**Records supplied**:
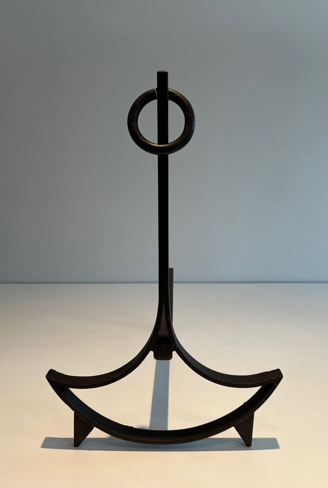 In these andirons the blacksmith’s art achieves a result of remarkable graphic clarity. Each upright rises as a clean, unadorned shaft, its summit crowned by a small but purposeful circular ring that has served as a motif of metalwork elegance since antiquity. Below, the base describes a bold sweeping arc — a wide crescent whose curved arms spread generously to either side before curling gently downward at their ends — lending the composition an anchor-like authority and a strong sense of grounded weight belied by the slenderness of the shaft above.
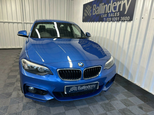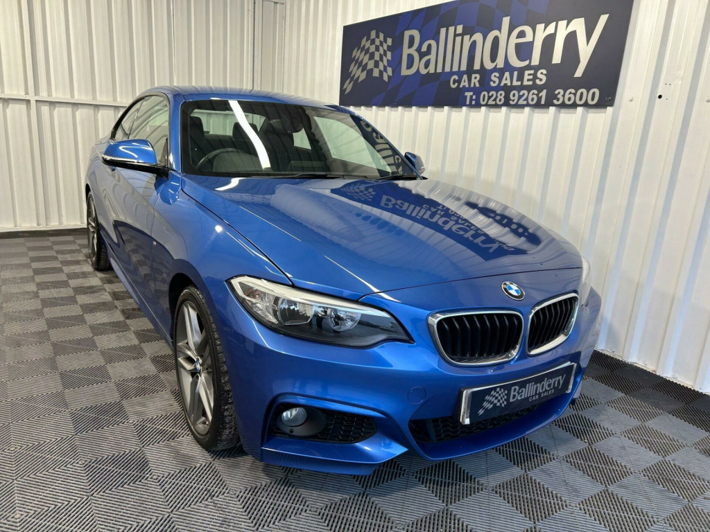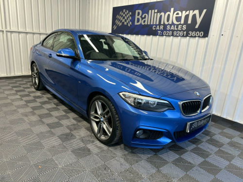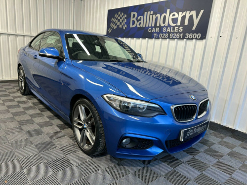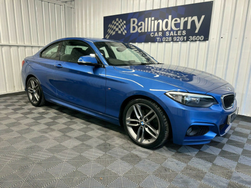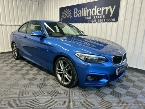 PERFECT EXAMPLE OF THIS BMW 220D M SPORT COUPE AUTO IN ESTORIL BLUE: SPEC INCLUDES:** ONLY £20 ROAD TAX** 18 INCH ALLOYS** PRIVACY GLASS** SAT NAV** SPORTS SEATS** ENHANCED BLUE TOOTHLOW RATE FINANCE DEALS AVAILABLE WITH NO DEPOSIT REQUIRED.ALL TRADE IN`S WELCOMETELEPHONE MARK OR STUART ON 02892 613600 OR 07802 396444. 12V Power Socket - Centre Console, 12V Power Socket - Passenger Footwell, 18in Alloy Wheels - M Double Spoke - 461M, 6.5in Colour Display Screen, ABS - Anti Lock Braking System, ASC - Automatic Stability Control, Air Conditioning - Automatic - Single Zone, Airbags - Driver, Airbags - Front Side, Airbags - Head - Front and Rear, Airbags - Passenger, Airbags - Passenger Deactivation, Alarm System Thatcham 1 with Remote Control, Ambient Light - Front, Ambient Lighting - Switchable BMW Classic Orange - Cold White - LED, Armrest - Front and Rear Integrated into Door Trim, Armrest - Front with Sliding Adjustment, Automatic Lock when Driving Away Selectable, Auxiliary Input, BMW Emergency Call, BMW Professional Radio - Single CD and MP3, BMW TeleServices, Battery Safety Cut Off, Bluetooth - Audio Streaming - with Compatible Devices, Bluetooth Hands Free with USB Audio Interface, Brake Assist, Brake Drying, Brake Pad Wear Indicator - Front and Rear, Bumper System Front and Rear - Replaceable Deformation Elements for Impacts Up to 9mph, Bumpers - Body Colour, CBC - Cornering Brake Control, Central Locking - Remote, Check Control Warning System, Child Seat ISOFIX Attachment - Rear x2, Comfort Go Keyless Engine Start, Crash Sensor, Crash Sensor - Activating Central Locking-Hazard Warning Lights-Fuel Cut Off, Cup Holders - Front x2, DAB Digital Radio, DBC - Dynamic Brake Control, DSC - Dynamic Stability Control Plus, DTC - Dynamic Traction Control, Daytime Running Lights, Door Handles - Body Colour, Door Mirrors - Body Coloured Housing, Door Mirrors - Electric and Heated, Door Sill Finishers - M Designation, Drive Performance Control - ECO PRO - Comfort - Sport - Sport Plus, Dynamic Brake Lights, Electric Windows - Front and Rear with Open-Close Fingertip Control, Engine Immobiliser, Exhaust Tailpipe - Chrome - Dual - Round - Left, Exterior Trim - Chrome, Exterior Trim - High-Gloss Shadowline, First Aid Kit, Floor Mats - Velour, Follow Me Home Headlight Function, Front Fog Lights, Gearshift Lever with M Designation, Glove Box with Chrome Surround and Key Lock, Grab Handles - in Roof Lining x4, Grab Handles with Coat Hooks, Halogen Headlights, Handbrake Lever - Gear Lever Knob and Gaiters in Leather, Head Restraints - Rear and Folding, Headlights - Automatic Activation, Headlights - Beam Throw Control, Headlining - Anthracite, Heat Protection Glazing with Green Tint, Heated Windscreen Washer Jets, High Level Third Brake Light, Hill Start Assist, Incorrect Fuelling Protection System, Kidney Grille - Chrome Extra-Wide High-Gloss Black Vertical Slats, LED Rear Light Bars, LED Tailights, Lights-on Audio Warning, Locking Wheel Bolts, Luggage Compartment - Electric Unlocking via the Keys Remote Control, Luggage Compartment - Lashing Eyes x2, M Aerodynamic Bodystyling, M Sport Package, M Sport Suspension, Multifunction Controls for Steering Wheel, OBC - On-Board Computer, Optimum Shift Indicator, Outside Temperature Display with Ice Warning, PDC - Park Distance Control - Rear, Personal Profile, Power Steering - Electric, Rain Sensor with Automatic Headlight Activation, Reading Lights - Front and Rear, Roof Mouldings - Body Colour, Run Flat Tyres, Seat Belt Security Check for Driver and Front Passenger, Seats - 60-40 Split Folding Rear, Seats - Electric Adjustment for Backrest Side Bolsters, Seats - Front - Manual Height Adjustment, Shark Fin Aerial, Side Impact Protection, Speed Limit Function, Sport Instrument Cluster - Differentiated Dial Design Featuring Finer Chrono-Scaling, Sport Seats - Front, Steering Column with Manual Reach and Rake Adjustment, Steering Wheel - Leather - M Sport, Storage Compartment - Rear Centre Console and in Door Trim - Front, Sun Visors with Illuminated Vanity Mirrors and Ticket Pocket, TPMS - Tyre Pressure Monitoring System, Trim Finisher - Estoril Blue - Matt, Tyres - Reduced Rolling Resistance, USB Audio Interface, Warning Triangle, Welcome Light, 18in Alloy Wheels - M Star Spoke - 461M, ADB Sport - Active Differe.
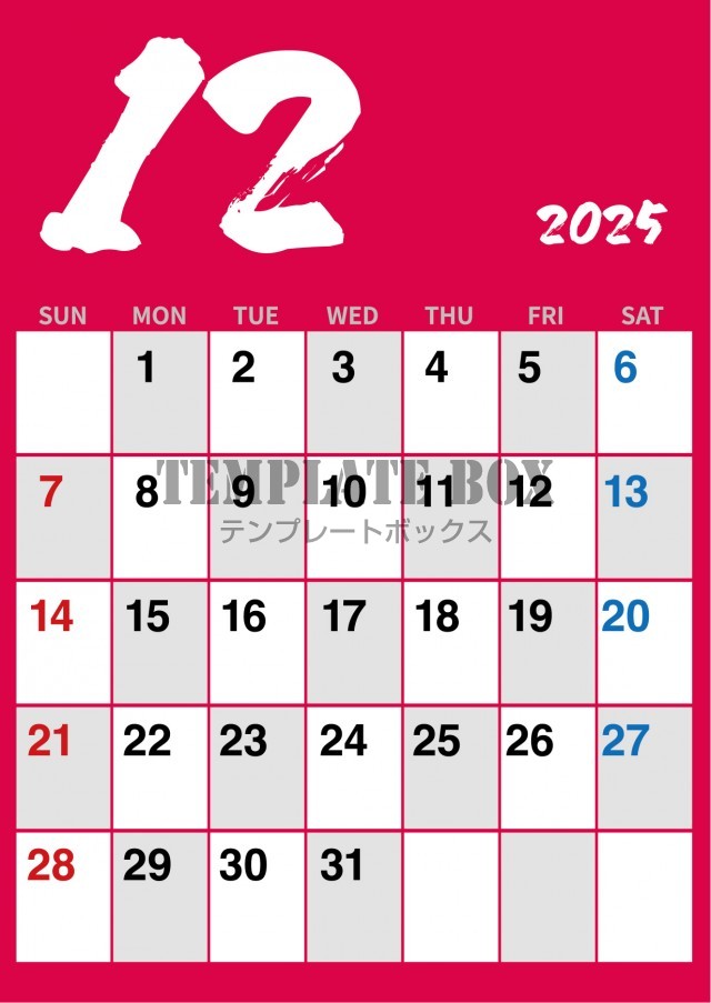 2025年12月カレンダー:グレーカラーのシンプルカレンダー
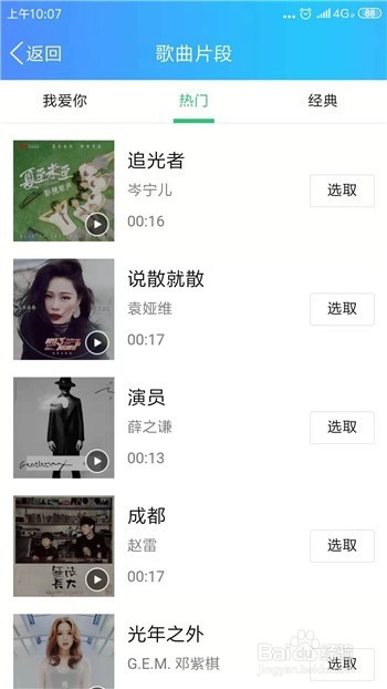 歌曲分为三类,但每个分类的歌曲都是固定的几个,只能选择这些。
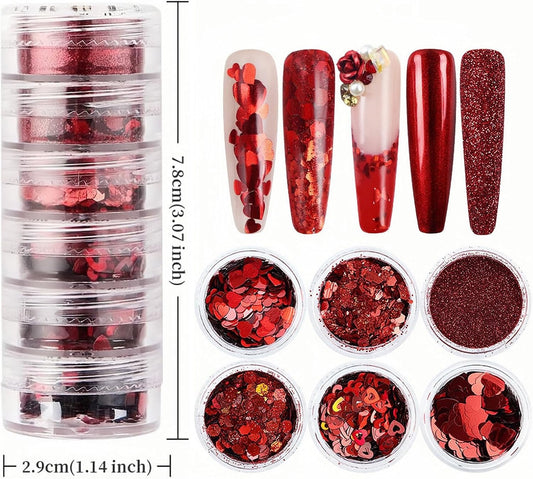 Heart Nail Art Glitter Red Valentines Day Nail Sequins Flakes, Red Manicure fine Glitter Powder, 3D Holographic Round Hexagon Nail Stickers Decals Supplies Nail Charms for Women 6 Box
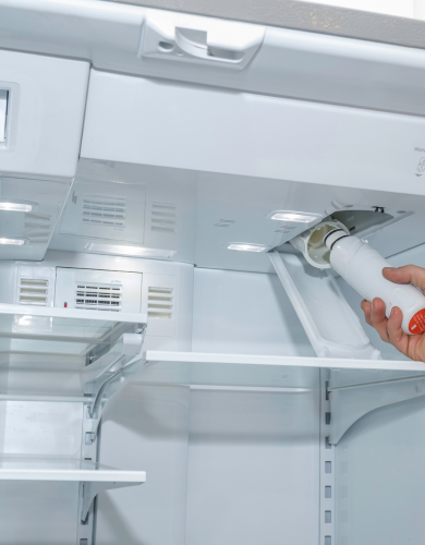 Los filtros de agua de los Refrigeradores LG proporcionan agua potable de alta calidad mediante la eliminación de contaminantes como pesticidas, productos químicos y detergentes.

**Task requirements**: Give the entries back verbatim and omit the images.

**Reply to the exercise**:
 In these andirons the blacksmith’s art achieves a result of remarkable graphic clarity. Each upright rises as a clean, unadorned shaft, its summit crowned by a small but purposeful circular ring that has served as a motif of metalwork elegance since antiquity. Below, the base describes a bold sweeping arc — a wide crescent whose curved arms spread generously to either side before curling gently downward at their ends — lending the composition an anchor-like authority and a strong sense of grounded weight belied by the slenderness of the shaft above.
 PERFECT EXAMPLE OF THIS BMW 220D M SPORT COUPE AUTO IN ESTORIL BLUE: SPEC INCLUDES:** ONLY £20 ROAD TAX** 18 INCH ALLOYS** PRIVACY GLASS** SAT NAV** SPORTS SEATS** ENHANCED BLUE TOOTHLOW RATE FINANCE DEALS AVAILABLE WITH NO DEPOSIT REQUIRED.ALL TRADE IN`S WELCOMETELEPHONE MARK OR STUART ON 02892 613600 OR 07802 396444. 12V Power Socket - Centre Console, 12V Power Socket - Passenger Footwell, 18in Alloy Wheels - M Double Spoke - 461M, 6.5in Colour Display Screen, ABS - Anti Lock Braking System, ASC - Automatic Stability Control, Air Conditioning - Automatic - Single Zone, Airbags - Driver, Airbags - Front Side, Airbags - Head - Front and Rear, Airbags - Passenger, Airbags - Passenger Deactivation, Alarm System Thatcham 1 with Remote Control, Ambient Light - Front, Ambient Lighting - Switchable BMW Classic Orange - Cold White - LED, Armrest - Front and Rear Integrated into Door Trim, Armrest - Front with Sliding Adjustment, Automatic Lock when Driving Away Selectable, Auxiliary Input, BMW Emergency Call, BMW Professional Radio - Single CD and MP3, BMW TeleServices, Battery Safety Cut Off, Bluetooth - Audio Streaming - with Compatible Devices, Bluetooth Hands Free with USB Audio Interface, Brake Assist, Brake Drying, Brake Pad Wear Indicator - Front and Rear, Bumper System Front and Rear - Replaceable Deformation Elements for Impacts Up to 9mph, Bumpers - Body Colour, CBC - Cornering Brake Control, Central Locking - Remote, Check Control Warning System, Child Seat ISOFIX Attachment - Rear x2, Comfort Go Keyless Engine Start, Crash Sensor, Crash Sensor - Activating Central Locking-Hazard Warning Lights-Fuel Cut Off, Cup Holders - Front x2, DAB Digital Radio, DBC - Dynamic Brake Control, DSC - Dynamic Stability Control Plus, DTC - Dynamic Traction Control, Daytime Running Lights, Door Handles - Body Colour, Door Mirrors - Body Coloured Housing, Door Mirrors - Electric and Heated, Door Sill Finishers - M Designation, Drive Performance Control - ECO PRO - Comfort - Sport - Sport Plus, Dynamic Brake Lights, Electric Windows - Front and Rear with Open-Close Fingertip Control, Engine Immobiliser, Exhaust Tailpipe - Chrome - Dual - Round - Left, Exterior Trim - Chrome, Exterior Trim - High-Gloss Shadowline, First Aid Kit, Floor Mats - Velour, Follow Me Home Headlight Function, Front Fog Lights, Gearshift Lever with M Designation, Glove Box with Chrome Surround and Key Lock, Grab Handles - in Roof Lining x4, Grab Handles with Coat Hooks, Halogen Headlights, Handbrake Lever - Gear Lever Knob and Gaiters in Leather, Head Restraints - Rear and Folding, Headlights - Automatic Activation, Headlights - Beam Throw Control, Headlining - Anthracite, Heat Protection Glazing with Green Tint, Heated Windscreen Washer Jets, High Level Third Brake Light, Hill Start Assist, Incorrect Fuelling Protection System, Kidney Grille - Chrome Extra-Wide High-Gloss Black Vertical Slats, LED Rear Light Bars, LED Tailights, Lights-on Audio Warning, Locking Wheel Bolts, Luggage Compartment - Electric Unlocking via the Keys Remote Control, Luggage Compartment - Lashing Eyes x2, M Aerodynamic Bodystyling, M Sport Package, M Sport Suspension, Multifunction Controls for Steering Wheel, OBC - On-Board Computer, Optimum Shift Indicator, Outside Temperature Display with Ice Warning, PDC - Park Distance Control - Rear, Personal Profile, Power Steering - Electric, Rain Sensor with Automatic Headlight Activation, Reading Lights - Front and Rear, Roof Mouldings - Body Colour, Run Flat Tyres, Seat Belt Security Check for Driver and Front Passenger, Seats - 60-40 Split Folding Rear, Seats - Electric Adjustment for Backrest Side Bolsters, Seats - Front - Manual Height Adjustment, Shark Fin Aerial, Side Impact Protection, Speed Limit Function, Sport Instrument Cluster - Differentiated Dial Design Featuring Finer Chrono-Scaling, Sport Seats - Front, Steering Column with Manual Reach and Rake Adjustment, Steering Wheel - Leather - M Sport, Storage Compartment - Rear Centre Console and in Door Trim - Front, Sun Visors with Illuminated Vanity Mirrors and Ticket Pocket, TPMS - Tyre Pressure Monitoring System, Trim Finisher - Estoril Blue - Matt, Tyres - Reduced Rolling Resistance, USB Audio Interface, Warning Triangle, Welcome Light, 18in Alloy Wheels - M Star Spoke - 461M, ADB Sport - Active Differe.
 2025年12月カレンダー:グレーカラーのシンプルカレンダー
 歌曲分为三类,但每个分类的歌曲都是固定的几个,只能选择这些。
 Heart Nail Art Glitter Red Valentines Day Nail Sequins Flakes, Red Manicure fine Glitter Powder, 3D Holographic Round Hexagon Nail Stickers Decals Supplies Nail Charms for Women 6 Box
 Los filtros de agua de los Refrigeradores LG proporcionan agua potable de alta calidad mediante la eliminación de contaminantes como pesticidas, productos químicos y detergentes.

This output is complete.